In the absence of conclusive data, Bhatt and his co-authors recommend a “reasonable” approach to managing antithrombotic and antiplatelet therapy in patients with mechanical heart valves undergoing PCI:
- Give a therapeutic level of warfarin to protect against valve thrombosis
- Use aspirin during the procedure, which would preferentially include the use of second-generation DES because of the lower risk of stent thrombosis, and not after discharge
- Prescribe a single antiplatelet, likely generic clopidogrel, at discharge
- While maintaining therapeutic anticoagulation indefinitely, discontinue clopidogrel at 6 months after elective PCI and at 12 months in patients with ACS
- During periods of combination therapy, use a proton pump inhibitor to minimize risk of GI hemorrhage
Bhatt said this approach, which is relatively inexpensive, is likely the safest way to minimize bleeding as well as the combination of valve-related thrombotic complications and stent thrombosis until more definitive evidence is available.

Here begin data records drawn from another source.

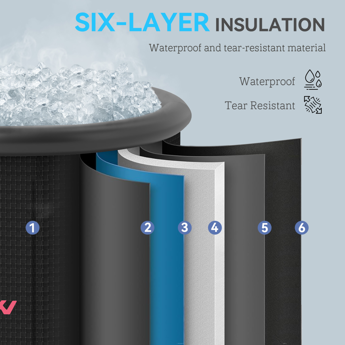 Experience ultimate recovery with this SPORTNOW 300L portable ice bath tub, designed for cold water therapy and outdoor use. The stylish black rattan effect exterior adds a modern touch, while the six-layer insulation helps maintain water temperature for longer.
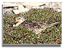 Then, the big discovery! A Knot with a transmitter at a nest. It was sitting tight on four eggs. Finally, one small piece of the Red Knot breeding puzzle was in place.
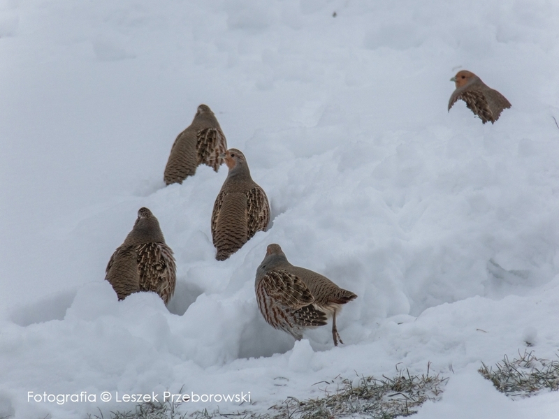 Na tle bieli śniegu widać, że kuropatwa nie jest po prostu szara. Jej upierzenie to mozaika brązów, szarości i rdzawych plam na policzkach oraz gardle. Charakterystyczna jest ciemnobrązowa "podkowa" na piersi, szczególnie wyraźna u samców. W Polsce kuropatwy nie są zbyt liczne, w dodatku jest ich coraz mniej. Ich liczebność ocenia się na około 110 tysięcy par. Ich widok na śniegu to jeden z najbardziej klasycznych motywów w polskiej przyrodzie, choć z końcem XX wieku nastąpił gwałtowny spadek liczebności tego gatunku cały czas dzielnie walczy on swoją pozycją w krajobrazie polskich pól i łąk.
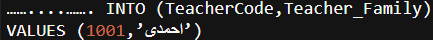 در قطعه کد روبرو برای درج یک رکورد در جدول Teacher از کدام گزینه استفاده میشود؟
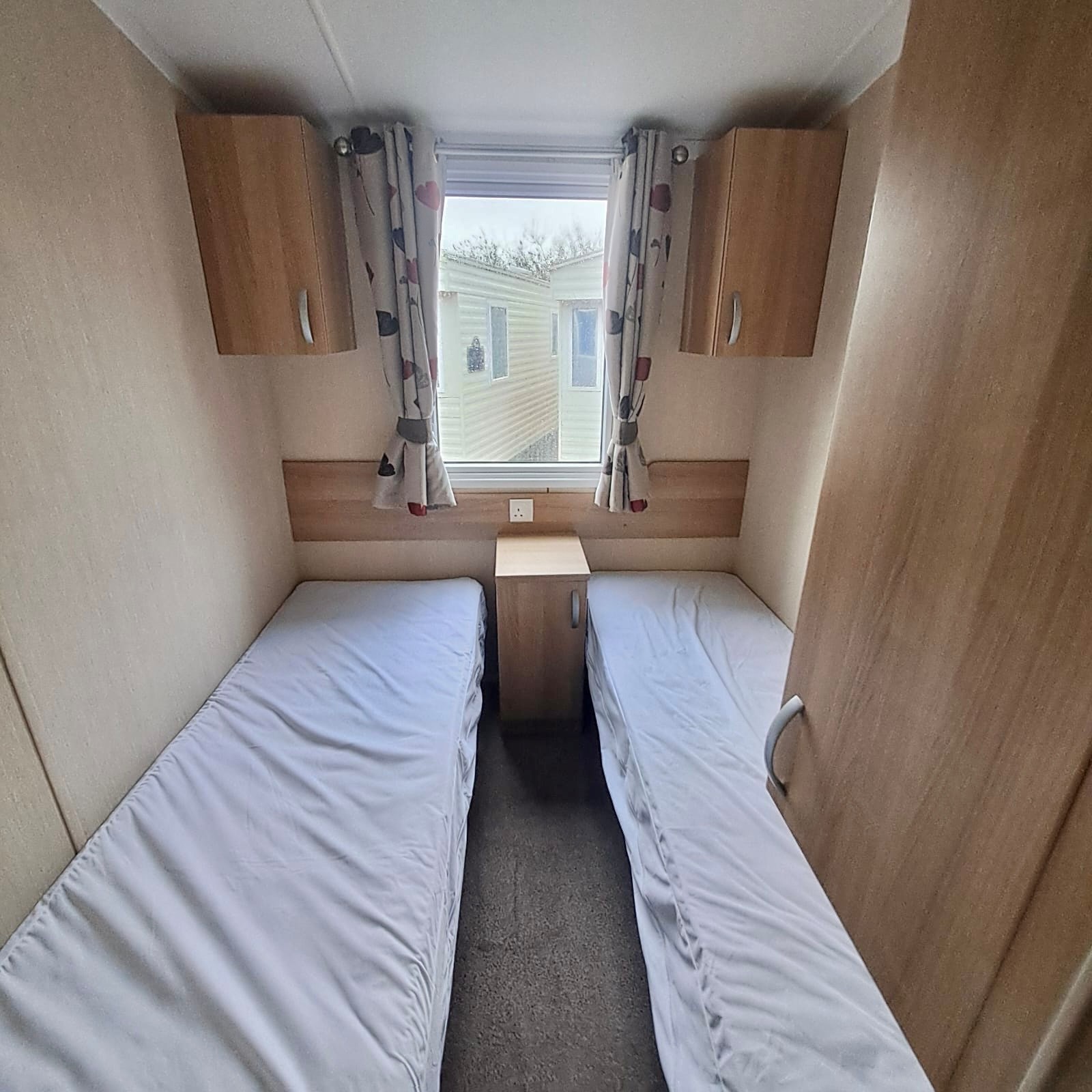 twin rooms have ample spaces overhead storage and full length wardrobes
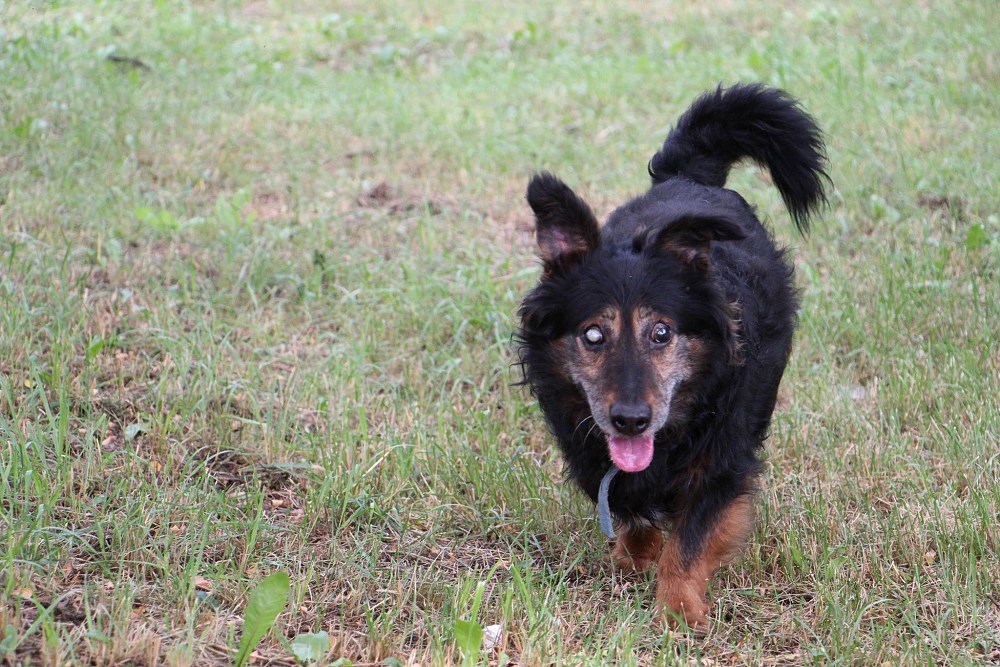Pies przywieziony z lasu prawie ślepy, starszy ale pełen radości, świetnie sobie radzi, towarzyski względem psów. Nie wiadomo tylko dlaczego pies, który ma dobry węch przez ślepotę zwiększony nie mógł trafić z lasu do domu...

McCarthy CP, Verma S, Bhatt DL. The management of antiplatelet and antithrombotic regimens in patients with mechanical valves undergoing percutaneous coronary intervention: a forgotten cohort? JAMA Cardiol. 2017;Epub ahead of print.
- Bhatt reports being on the advisory boards of Cardax, Elsevier Practice Update Cardiology, Medscape Cardiology, and Regado Biosciences; receiving honoraria from multiple publications and steering committees; receiving research funding from Amarin, Amgen, AstraZeneca, Bristol-Myers Squibb, Eisai, Ethicon, Forest Laboratories, Ischemix, Eli Lilly, Medtronic, Pfizer, Roche, Sanofi Aventis, The Medicines Company; receiving royalties from Elsevier (editor, Cardiovascular Intervention: A Companion to Braunwald’s Heart Disease); serving as a site coinvestigator for Biotronik, Boston Scientific, and St Jude Medical; serving as a trustee for the American College of Cardiology; and conducting unfunded research for FlowCo, PLx Pharma, and Takeda.
- McCarthy and Verma report no relevant conflicts of interest.